Il Miur ha annunciato che il nuovo regolamento uscirà domani; il che vuol dire che, se va bene, il concorso si farà a novembre. Ma gli aspiranti specializzandi sono molto preoccupati e lo sono anche i direttori dei dipartimenti di Medicina.
Oggi, davanti a Montecitorio, ci sarà una manifestazione indetta dalle associazioni dei giovani medici, tra cui Federspecializzandi, per chiedere non solo che si sblocchi subito l’accreditamento e che quest’ultimo venga fatto con criteri meno stringenti ma anche che vengano aumentate le borse e i contratti per i futuri specializzandi e che vengano corretti alcuni aspetti del bando.
Quest’ultimo, infatti, prevede 6105 borse nazionali (a cui forse se ne aggiungeranno altre 600 finanziate da regioni e privati) a fronte, come detto, di circa 15 mila aspiranti specializzandi.
Inoltre, per la prima volta, si sceglierà la specializzazione solo dopo aver sostenuto la prova, una novità che l’Anaao giovani ha già bollato come “assurda”.
L’Aquila: a rischio due scuole di specializzazione
“Siamo ancora in attesa di conoscere l’esito della valutazione dell’osservatorio ma dai documenti, non ufficiali e non firmati dal ministro, filtrati finora sembrerebbero a rischio, per Univaq, due scuole di specializzazione: Cardiologia e Neurologia”.

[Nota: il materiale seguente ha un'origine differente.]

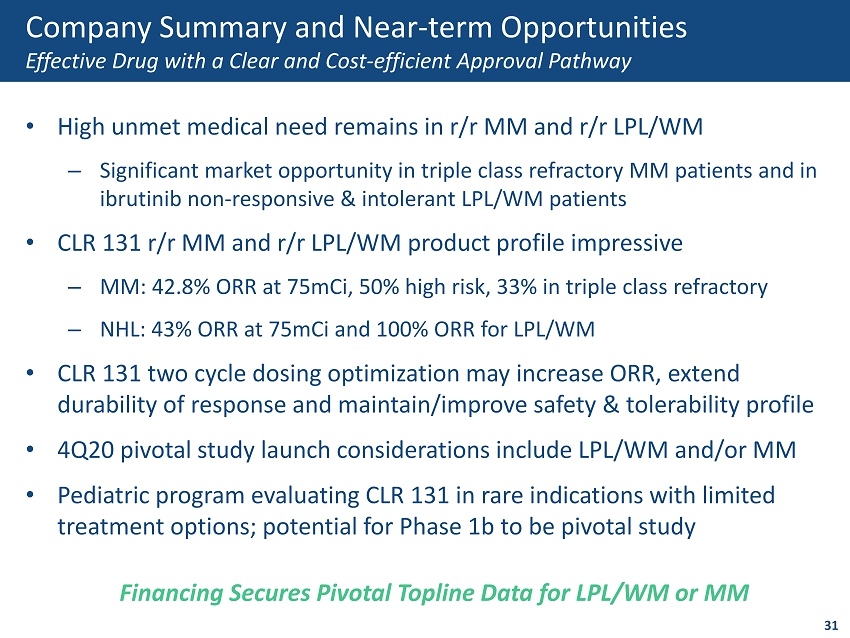 • High unmet medical need remains in r/r MM and r/r LPL/WM ‒ Significant market opportunity in triple class refractory MM patients and in ibrutinib non - responsive & intolerant LPL/WM patients • CLR 131 r/r MM and r/r LPL/WM product profile impressive ‒ MM: 42.8% ORR at 75mCi, 50% high risk, 33% in triple class refractory ‒ NHL: 43% ORR at 75mCi and 100% ORR for LPL/WM • CLR 131 two cycle dosing optimization may increase ORR, extend durability of response and maintain/improve safety & tolerability profile • 4Q20 pivotal study launch considerations include LPL/WM and/or MM • Pediatric program evaluating CLR 131 in rare indications with limited treatment options; potential for Phase 1b to be pivotal study Company Summary and Near - term Opportunities Effective Drug with a Clear and Cost - efficient Approval Pathway Financing Secures Pivotal Topline Data for LPL/WM or MM 31

A parlare, ai microfoni di NewsTown, è una preoccupata Maria Grazia Cifone, direttrice del Mesva, dipartimento di Medicina clinica, Sanità pubblica, Scienze della vita e dell'ambiente dell’Università dell’Aquila.
“Abbiamo chiesto spiegazioni” spiega la professoressa Cifone “Il problema di cardiologia è che non è convenzionata presso la nostra Asl. La convenzione che abbiamo è stata fatta con una casa di cura privata che, pur essendo accreditata, non ci consente di garantire i cosiddetti requisiti assistenziali perché ci sono cose che le cliniche private non possono fare. Per quanto riguarda neurologia, invece, non abbiamo compreso il senso della valutazione perché i requisiti li ha tutti. Il decreto, in teoria, prevede la possibilità di consentire alle strutture deficitarie di definire una sorta di programma per rientrare in possesso dei requisiti richiesti dal ministero ma i criteri in base ai quali le scuole di specializzazione vengono ammesse con riserva o bocciate sembrano essere del tutto arbitrari”.

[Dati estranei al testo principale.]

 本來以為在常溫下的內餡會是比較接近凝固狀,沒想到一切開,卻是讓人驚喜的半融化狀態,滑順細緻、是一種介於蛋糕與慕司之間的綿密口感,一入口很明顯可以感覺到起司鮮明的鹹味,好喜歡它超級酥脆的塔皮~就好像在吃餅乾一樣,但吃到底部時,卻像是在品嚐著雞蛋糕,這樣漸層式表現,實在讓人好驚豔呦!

“La perdita di due scuole di specializzazione sarebbe un colpo durissimo per questo territorio” spiega la direttrice del Mesva “che ridurrebbe la nostra offerta formativa e l’attrattività della nostra sede, con conseguente calo degli iscritti. Cardiologia e Neurologia esistono da quando c’è la facoltà di Medicina e hanno sempre formato bravi medici. Non vedo come di punto in bianco possano essere ritenute inadeguate”.
“Sono molto preoccupata” afferma la Cifone “per questo sostengo tutte le azioni che si stanno portando avanti in difesa di un’offerta formativa che possa consentire ai laureati di trovare il giusto sbocco. Di questo passo, se si considera anche il problema del numero chiuso ai corsi di laurea in medicina e il fatto che chi va in pensione non viene reintregrato, arriveremo a breve a non avere più medici e saremo costretti a chiamare gli specialisti dall’estero”.
Secondo la Cifone il nuovo sistema di valutazione pensato dal ministero è troppo rigido e penalizza soprattutto i piccoli e medi atenei come quello aquilano, avvantaggiando le grandi università. Il ridimensionamento di alcune scuole di specializzazione potrebbe essere solo la prima mossa di una strategia di lungo termine che, depotenziando i piccoli atenei, punterebbe a “concentrare il sistema universitario in poche sedi, ovvero nei mega atenei delle grandi città. Una cosa che sarebbe penalizzante per le famiglie e i cittadini”.